The cache size itself can be problematic. While it is easy to think that the cache will hold the “most valuable data,” this is often very difficult to predict. Choosing a cache too small renders it useless. Some use cases may require caching all the data and using the relational database as a backup. The hardware costs of storing this much data in memory can be very high.
Sharding becomes increasingly difficult. Making changes to the sharding algorithm as you add nodes is disruptive, invalidating the existing data cache and forcing a rebuild. During this time performance will at best degrade, but may also run into service outages for a time. You may find that some shards have a grossly disproportionate amount of data or traffic, forcing you to spend a lot of time manually tuning these.
There is no automated fail-over to another cache if a Memcache instance dies. While Memcache is very stable as a product, it is still subject to hardware fault. If a power supply dies, the data it held in its cache will be inaccessible. This will require developers to code their application to either go back to the relational database or simply produce an error.
There is no persistence and when a Memcache instance dies and all the data in that node goes with it. As a result when a host goes down to due to a hardware fault, the cache on the host must be rebuilt (if possible). This can be a very time consuming process.
Developers must think about and manage the data between the relational database and Memcache separately. This often results in making multiple reads or writes – one for the cache and one for the relational database. Although caching is not a difficult concept, it can complicate development work.

Shift don’t Shard

Instead of managing a sharding layer (and its many separate shards) with a relational database, customers are now shifting to a single Aerospike cluster and a cache-less architecture. This gives them:

Automatic and immediate failover when a node fails.
Replication of data to 2 or more copies. Even if a node fails, the Aerospike cluster will work to maintain the proper number of copies of the data.
Predictable performance with the same level of latency to any record across the cluster. There is no need to determine the most valuable data, because it is all handled the same way: with very high throughput and low latency.
Lower cost using SSDs rather than memory. The costs calculated here are for an extended period of time. While the way that some databases use SSDs may lead to SSD hotspots that can erode a disk, Aerospike has its own mechanism for evenly wearing SSDs. Customers have used SSDs on Aerospike in extremely high intensity environments for years with very few failures. In addition, a single server with SSDs can generally handle much greater volumes of data than with RAM. This leads to fewer servers, which lowers costs even more.

Replace Memcache or replace Memcache and MySQLOne set of customers have been replacing Memcache with Aerospike and keeping their relational database. This gives them:

Immediate failover in the event of a lost node.
Persistence of the data on disk.
Choice of RAM or low-cost SSD to store the data.

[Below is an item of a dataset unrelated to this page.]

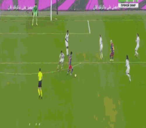 上半时补时阶段,皇马左路进攻,维尼修斯中线前拿球推进硬刚孔德,维尼修斯外道超车推进,孔德高速回追,和队友形成包夹再次拦住维尼修斯,不料却被维尼修斯再次硬突,一个穿裆甩开孔德,维尼修斯内切到小禁区前沿冷静推射远角得手,皇马1:1扳平比分。2分钟,巴萨中路快速反击,佩德里禁区弧顶前送出手术刀式直塞,莱万反越位成功突入禁区获得超近距离单刀,面对出击的门将库尔图瓦,莱万一记挑射得手,巴萨2:1再次取得领先。

Another set of customers replace both Memcache and MySQL. Here the application simply reads and writes all data from an Aerospike cluster. Rather than maintaining separate connections to Memcache and a relational database, applications simply write to an Aerospike cluster. This gives them all the benefits listed above, plus:

Simpler application development. Developers need to only worry about interfacing with an Aerospike cluster rather than reading and writing from both a cache and a relational database.
Simpler operations of a single (self-managing) Aerospike cluster as opposed to a relational database and many independent Memcache instances.

Aerospike provides the same performance and latency of Memcache, while being much easier to manage.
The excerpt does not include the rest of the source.